[Assignment]:
Lines before the one holding "作為藏北重要的旅游勝地,熱振" are not wanted. Please copy that line and everything after it to the end of the records, exactly, skipping pictures.

[Material provided]:
▽
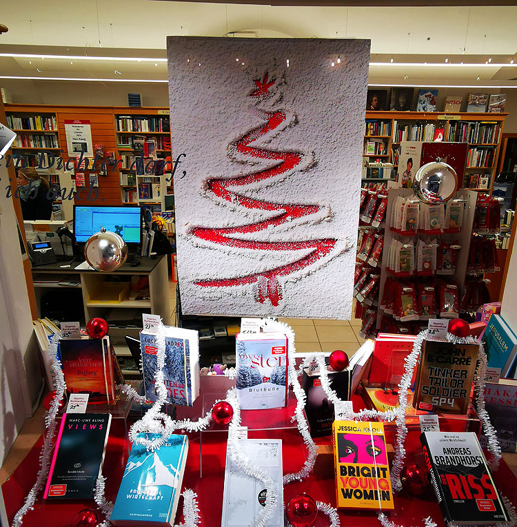 - Ну, и книжные магазины не отстают. Тоже украшают витрины по-новогоднему.
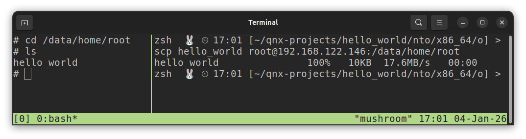 /data/home/rootand executels. You should see yourhello_worldexecutable.In this screenshot, the left pane is the running target, and the right pane is the Linux host computer.
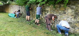 Die Anpackgruppe beim Entfernen des Efeus an der Wand und des Unkrauts im Sand auf dem Spielplatz. Nach dem Einsatz auf dem Theodo-Authilt-Platz konnte man beim Imbiss nur fröhliche und zufriedene Gesichter sehen.
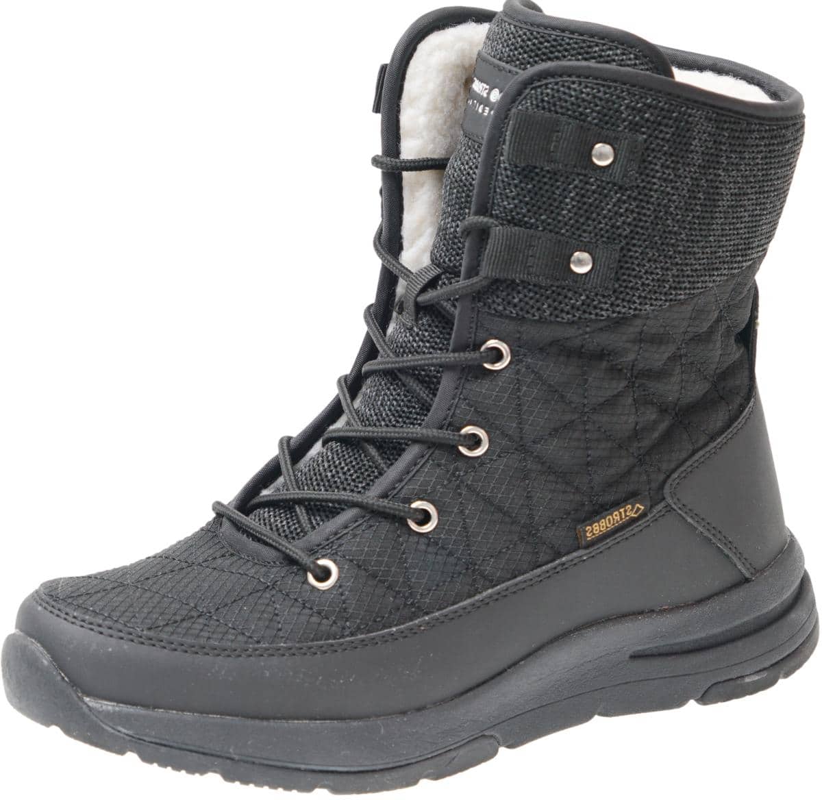 Высокие женские ботинки от бренда Strobbs станут отличным вариантом для заснеженной зимы и активного отдыха на природе. Благодаря своему современному дизайну, ботинки легко сочетать с любыми элементами гардероба. Теплые и качественные материалы обеспечат комфорт на протяжение всего дня ношения. Ботинки изготовлены из плотной синтетической кожи, они обладают хорошей износостойкостью и сопротивлением к разрывам. Высокий голеностоп поддерживает ногу по бокам и защищает от попадания снега. Язычок изготовлен из перфорированного текстиля для улучшенной вентиляции. Внутренний утеплитель из искусственной шерсти не впитывает лишней влаги, отводя ее на поверхность, сохраняя все свои теплоизоляционные свойства даже при повышенной влажности. Подошва из пластичной резины не грубеет на морозе и сохраняя свои амортизационные свойства. Рельефный протектор имеет оптимальное сцепление на обледенелых и заснеженных дорогах. Мягкая утепленная стелька не впитывает лишнюю влагу и обеспечивает повышенный комфорт во время длительной ходьбы. Модель выполнена в черном цвете, который не требует постоянного ухода и скрывает большую часть загрязнений. Несмотря на свою объемность, ботинки довольно легкие и удобные для ежедневной носки.Особенности и преимущества:
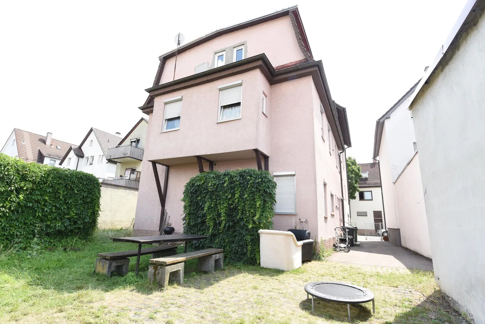 Das Grundstück ist eben und fast rechteckig. Das Haus wurde im vorderen Bereich direkt an die Grundstücksgrenze gebaut. Im hinteren Bereich befindet sich der Garten.
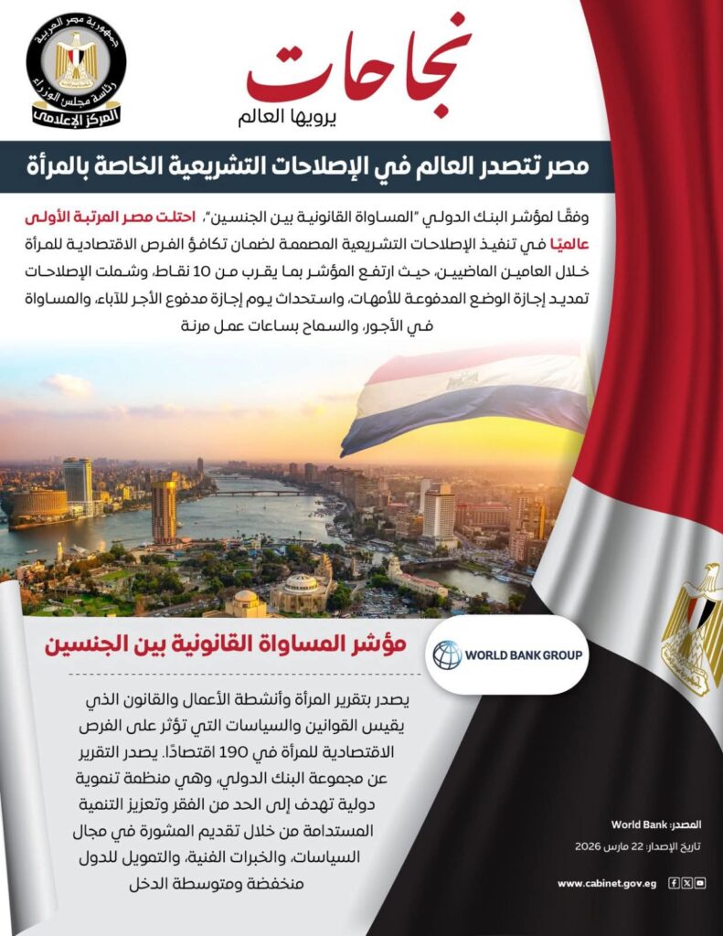 في ظل إيمان الدولة المصرية بأن الاستقرار والتقدم لا يتحققان إلا من خلال مشاركة المرأة في جميع أوجه العمل الوطني، نفذت العديد من الإصلاحات التي ترسخ المساواة في الحقوق والتكافؤ في الفرص بين الجنسين، وتقضي على كافة أشكال التمييز ضد المرأة، مع تغيير الثقافة المجتمعية تجاهها، بما يضمن كفالة الحقوق الأساسية والحماية والرعاية للمرأة، وقد أسهمت هذه السياسات في تعزيز النظرة الدولية الإيجابية لوضع المرأة المصرية، حيث احتلت مصر المرتبة الأولى عالميًا في تنفيذ الإصلاحات التشريعية لضمان تكافؤ الفرص الاقتصادية للمرأة خلال العامين الماضيين، وفقًا لمؤشر البنك الدولي “المساواة القانونية بين الجنسين”.
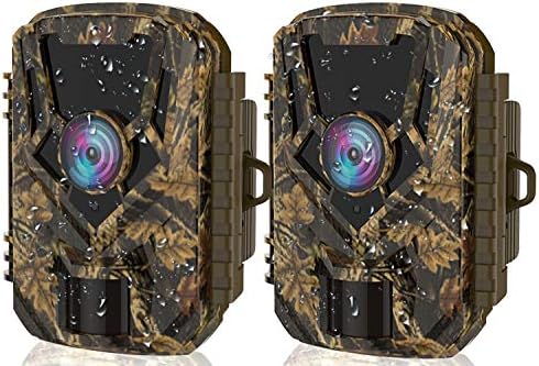 Mini Trail Game Camera 20MP 1080P Waterproof 0.4s Trigger Speed Hunting Cams with Night Vision Motion Activated for Wildlife Monitoring and Home Security (2 Pack)
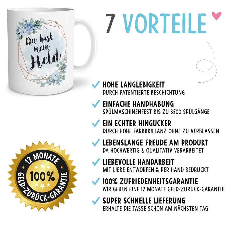 Du bist mein Held Große Kaffee-Tasse mit Spruch im Geschenkkarton Geschenke Geschenkideen für alle Alltagshelden als DankeschönHochzeitstag
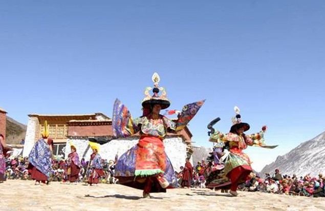 作為藏北重要的旅游勝地,熱振寺還有一些非同一般的“看點(diǎn)”,不可錯(cuò)過。如每年藏歷4月15日的“迎鳥節(jié)”和7月15日的“帕邦唐廓節(jié)”。“帕邦唐廓節(jié)”最初只是純宗教性的轉(zhuǎn)經(jīng)活動(dòng),后來逐漸發(fā)展成為除宗教活動(dòng)外,農(nóng)牧民進(jìn)行各類商品交換,開展文娛活動(dòng)的綜合性節(jié)日。“迎鳥節(jié)”是根據(jù)熱振寺當(dāng)?shù)氐臍夂驐l件決定的,每當(dāng)舉行杜鵑鳥供奉日時(shí),僧人達(dá)百余人,敬獻(xiàn)供品若干,并且還要舉行隆重跳神活動(dòng),以求賜福。
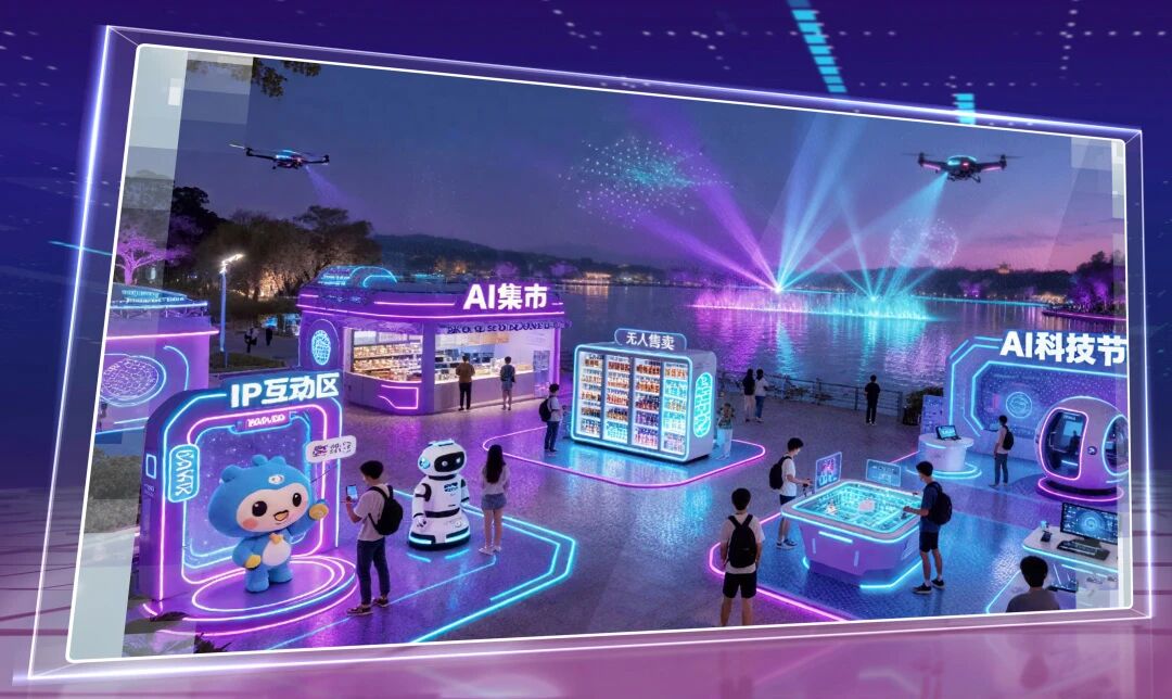 该项目通过昼夜分时运营,白天提供增强现实、AI艺术长廊及心境剧场等科技艺术体验;夜间则利用裸眼3D、光影水幕和无人机表演营造沉浸式文旅秀场。同时依托常态化科技活动、IP互动空间及AI集市运营,构建线上线下联动的娱乐体验平台。整体场景以AI为核心纽带,贯穿消费、体验、创作和互动,最终打造集科技娱乐与文化体验为一体的文旅地标,树立全国智能文旅场景的标杆。
△
[Written response]:
 作為藏北重要的旅游勝地,熱振寺還有一些非同一般的“看點(diǎn)”,不可錯(cuò)過。如每年藏歷4月15日的“迎鳥節(jié)”和7月15日的“帕邦唐廓節(jié)”。“帕邦唐廓節(jié)”最初只是純宗教性的轉(zhuǎn)經(jīng)活動(dòng),后來逐漸發(fā)展成為除宗教活動(dòng)外,農(nóng)牧民進(jìn)行各類商品交換,開展文娛活動(dòng)的綜合性節(jié)日。“迎鳥節(jié)”是根據(jù)熱振寺當(dāng)?shù)氐臍夂驐l件決定的,每當(dāng)舉行杜鵑鳥供奉日時(shí),僧人達(dá)百余人,敬獻(xiàn)供品若干,并且還要舉行隆重跳神活動(dòng),以求賜福。
 该项目通过昼夜分时运营,白天提供增强现实、AI艺术长廊及心境剧场等科技艺术体验;夜间则利用裸眼3D、光影水幕和无人机表演营造沉浸式文旅秀场。同时依托常态化科技活动、IP互动空间及AI集市运营,构建线上线下联动的娱乐体验平台。整体场景以AI为核心纽带,贯穿消费、体验、创作和互动,最终打造集科技娱乐与文化体验为一体的文旅地标,树立全国智能文旅场景的标杆。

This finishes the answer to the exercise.